====== Records supplied

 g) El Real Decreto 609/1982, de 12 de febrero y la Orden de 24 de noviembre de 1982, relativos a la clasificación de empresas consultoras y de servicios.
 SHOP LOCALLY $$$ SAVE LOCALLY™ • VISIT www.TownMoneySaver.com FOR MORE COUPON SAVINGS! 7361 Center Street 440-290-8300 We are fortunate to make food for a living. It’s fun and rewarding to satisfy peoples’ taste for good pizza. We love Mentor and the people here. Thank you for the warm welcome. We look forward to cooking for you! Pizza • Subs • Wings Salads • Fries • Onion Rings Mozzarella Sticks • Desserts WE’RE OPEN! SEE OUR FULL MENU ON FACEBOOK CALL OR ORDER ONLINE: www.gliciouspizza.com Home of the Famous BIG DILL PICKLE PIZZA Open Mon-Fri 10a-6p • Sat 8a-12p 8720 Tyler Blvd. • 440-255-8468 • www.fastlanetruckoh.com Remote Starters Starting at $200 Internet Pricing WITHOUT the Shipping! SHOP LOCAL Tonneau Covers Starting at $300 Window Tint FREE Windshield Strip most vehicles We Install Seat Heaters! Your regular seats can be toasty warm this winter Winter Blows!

============
====== Records supplied

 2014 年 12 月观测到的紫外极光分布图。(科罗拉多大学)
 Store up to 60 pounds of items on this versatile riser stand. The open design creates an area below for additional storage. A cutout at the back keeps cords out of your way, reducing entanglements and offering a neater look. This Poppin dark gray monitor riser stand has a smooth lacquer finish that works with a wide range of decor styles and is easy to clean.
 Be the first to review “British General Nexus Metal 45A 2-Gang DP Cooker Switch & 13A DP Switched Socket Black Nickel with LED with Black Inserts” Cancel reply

============

In the listing above, find the line containing "2014 年 12 月观测到的紫外极光分布图。(科罗拉多大学)" and the line containing "Store up to", then repeat those two lines and everything between them exactly.

 2014 年 12 月观测到的紫外极光分布图。(科罗拉多大学)
 Store up to 60 pounds of items on this versatile riser stand. The open design creates an area below for additional storage. A cutout at the back keeps cords out of your way, reducing entanglements and offering a neater look. This Poppin dark gray monitor riser stand has a smooth lacquer finish that works with a wide range of decor styles and is easy to clean.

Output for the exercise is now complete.